For VO services, as I've said, it could return a UWS job. The pattern is well documented.
Do we have any idea/examples of async non-VO services? I just assume that they return a URL where the data is being staged. The URL is inaccessible until data becomes available. At least this is the pattern that ALMA used to have if I remember correctly. If that's the case, the simplest is to assume that this is what the return should be - a response with a redirect URL that the client needs to check for when the results become available. We'll need to figure out if that's possible to achieve with VO services too. With these services we might want to return more details about the jobs for clients that could make use of that info.
No, if we're talking about a unified method, async=False
returns the parsed table, not a response
object.
The original idea for async
was to enable asynchronous/parallel downloads from normal HTTP web services, not from VO. We only later encountered services that actually had separate query & staging processes, and those were not handled through the async
mechanism. besancon
is one example, iirc.
@keflavich My experience (primarily with MAST, but I've been thinking about the construction while working on the new NEOCC service too) matches with yours in that the async versions have been primarily useful for debugging for modules that don't have a truly asynchronous option.
@andamian:
Yet another occasion when I'm running into the async vs sync question:
Not an easy choice, especially with TAP. sync
operations are those that return fast (2min is probably a good rule of thumb). More than that and the connection might time out. The async mode with that in mind.

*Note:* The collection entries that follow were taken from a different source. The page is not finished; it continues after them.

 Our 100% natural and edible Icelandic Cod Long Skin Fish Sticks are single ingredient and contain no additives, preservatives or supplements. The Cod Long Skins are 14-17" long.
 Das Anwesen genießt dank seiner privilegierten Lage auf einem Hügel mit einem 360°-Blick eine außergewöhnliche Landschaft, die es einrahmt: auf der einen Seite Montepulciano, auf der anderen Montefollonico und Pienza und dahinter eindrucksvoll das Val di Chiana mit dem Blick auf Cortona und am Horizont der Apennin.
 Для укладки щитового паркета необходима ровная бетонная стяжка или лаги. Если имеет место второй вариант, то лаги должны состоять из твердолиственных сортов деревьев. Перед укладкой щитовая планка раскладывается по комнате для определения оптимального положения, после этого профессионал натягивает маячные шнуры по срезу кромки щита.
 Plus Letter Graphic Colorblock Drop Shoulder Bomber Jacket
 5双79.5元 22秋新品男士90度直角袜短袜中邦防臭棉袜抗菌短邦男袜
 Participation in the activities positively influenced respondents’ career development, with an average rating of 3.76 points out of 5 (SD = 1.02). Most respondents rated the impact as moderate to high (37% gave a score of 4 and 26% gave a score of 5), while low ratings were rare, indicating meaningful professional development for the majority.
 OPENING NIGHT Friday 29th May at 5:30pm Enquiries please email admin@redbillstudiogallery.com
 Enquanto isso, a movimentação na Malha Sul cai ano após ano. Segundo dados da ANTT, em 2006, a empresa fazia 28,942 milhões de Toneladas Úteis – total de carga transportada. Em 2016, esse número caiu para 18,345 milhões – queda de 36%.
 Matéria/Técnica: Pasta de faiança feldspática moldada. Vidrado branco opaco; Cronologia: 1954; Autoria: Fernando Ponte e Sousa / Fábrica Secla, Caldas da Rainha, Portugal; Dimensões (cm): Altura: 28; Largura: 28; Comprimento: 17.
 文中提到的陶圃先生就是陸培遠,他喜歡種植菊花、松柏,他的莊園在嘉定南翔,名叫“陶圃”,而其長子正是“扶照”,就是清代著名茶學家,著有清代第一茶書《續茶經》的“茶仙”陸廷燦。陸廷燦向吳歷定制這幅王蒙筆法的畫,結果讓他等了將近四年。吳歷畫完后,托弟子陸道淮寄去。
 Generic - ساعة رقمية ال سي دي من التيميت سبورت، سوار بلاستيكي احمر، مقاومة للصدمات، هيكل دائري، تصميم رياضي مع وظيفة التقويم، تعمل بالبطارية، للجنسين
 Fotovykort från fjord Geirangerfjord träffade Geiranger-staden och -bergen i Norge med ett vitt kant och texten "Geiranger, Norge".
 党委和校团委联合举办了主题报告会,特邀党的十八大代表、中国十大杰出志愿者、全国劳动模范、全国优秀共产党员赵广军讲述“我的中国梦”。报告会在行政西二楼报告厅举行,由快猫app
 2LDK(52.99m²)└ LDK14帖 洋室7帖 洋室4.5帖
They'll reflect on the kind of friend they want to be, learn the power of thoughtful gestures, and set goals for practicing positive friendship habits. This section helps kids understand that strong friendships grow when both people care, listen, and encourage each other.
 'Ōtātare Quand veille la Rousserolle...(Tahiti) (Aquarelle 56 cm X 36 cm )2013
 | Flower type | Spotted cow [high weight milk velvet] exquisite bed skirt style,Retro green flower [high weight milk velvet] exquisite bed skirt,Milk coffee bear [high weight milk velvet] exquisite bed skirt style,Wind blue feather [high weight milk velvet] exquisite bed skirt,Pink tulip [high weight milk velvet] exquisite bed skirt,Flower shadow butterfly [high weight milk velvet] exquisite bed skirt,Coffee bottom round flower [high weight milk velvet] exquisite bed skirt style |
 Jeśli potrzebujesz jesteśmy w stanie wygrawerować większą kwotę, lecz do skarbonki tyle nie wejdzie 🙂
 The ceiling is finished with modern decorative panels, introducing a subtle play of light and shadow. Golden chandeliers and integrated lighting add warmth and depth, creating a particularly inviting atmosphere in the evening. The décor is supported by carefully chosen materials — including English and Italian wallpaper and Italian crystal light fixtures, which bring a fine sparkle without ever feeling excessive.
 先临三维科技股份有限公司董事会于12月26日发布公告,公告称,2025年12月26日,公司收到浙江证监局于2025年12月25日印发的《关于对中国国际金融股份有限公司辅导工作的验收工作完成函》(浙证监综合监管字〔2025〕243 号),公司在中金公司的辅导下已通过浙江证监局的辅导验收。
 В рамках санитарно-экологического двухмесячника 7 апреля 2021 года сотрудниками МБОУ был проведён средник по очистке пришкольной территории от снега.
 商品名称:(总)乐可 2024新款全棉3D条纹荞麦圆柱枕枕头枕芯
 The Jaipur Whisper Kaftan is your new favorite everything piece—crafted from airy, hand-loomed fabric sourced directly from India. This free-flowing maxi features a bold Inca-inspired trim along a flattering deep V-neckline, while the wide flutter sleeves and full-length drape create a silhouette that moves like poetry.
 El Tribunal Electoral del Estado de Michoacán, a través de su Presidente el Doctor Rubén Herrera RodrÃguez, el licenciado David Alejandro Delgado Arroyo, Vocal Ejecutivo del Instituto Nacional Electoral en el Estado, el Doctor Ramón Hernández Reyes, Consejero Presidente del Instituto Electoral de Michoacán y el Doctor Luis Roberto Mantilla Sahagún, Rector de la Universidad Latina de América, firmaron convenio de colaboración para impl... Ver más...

For TAP, the duration of the query is not deterministic, so async
might be a safer bet. Besides increased the increased complexity of dealing with jobs, there are other drawbacks: the response time (results are only ready when the job completes and data is staged) and possible restrictions on the size of the staged data.
The client can also implement a hybrid mode, where the API is sync, but underneath uses the service async endpoint to start jobs and periodically check their status until they complete. In this mode they do not have to deal with the jobs.
Does this help at all?
OK, gotcha, this helps a lot, thank you. So, based on the archive preference, we may have different defaults whether we default to sync or async (e.g. we may want to do async for irsa). However, I think there is a fundamental agreement that we should move away from duplicating methods (let alone when they are not even real async ones), in favor of a kwarg.
While I was reviewing https://github.com/astropy/astroquery/pull/2597, I run into this quasi-dilemma, but I raise it as a separate question for @keflavich and @andamian, as well as @ceb8.
We have a lot of historical baggage around our API, and I would like to revisit some of it to see whether they still make sense, or we should slowly deprecate them out. At some point we need to switch versioning anyway, so one big breath and breaking API doesn't feel off the table.
So, the question for async and sync jobs: we traditionally have
method_async
andmethod
, auto-generated withasync_to_sync
. But some modules don't follow this, and some modules manually have duplicated methods. So I wonder, now as we move on towards using proper VO tools, and pyvo, whether we want to revisit our API preferences, and would rather go with this kwarg-driven approach? Or the method duplication is better? (And frankly, it's baked into the API too much already that if it's the same, we could just stick with it).I very much interested in the take from Adrian, whether it made any sense to you while redoing e.g.
alma
, or it was something to go along with?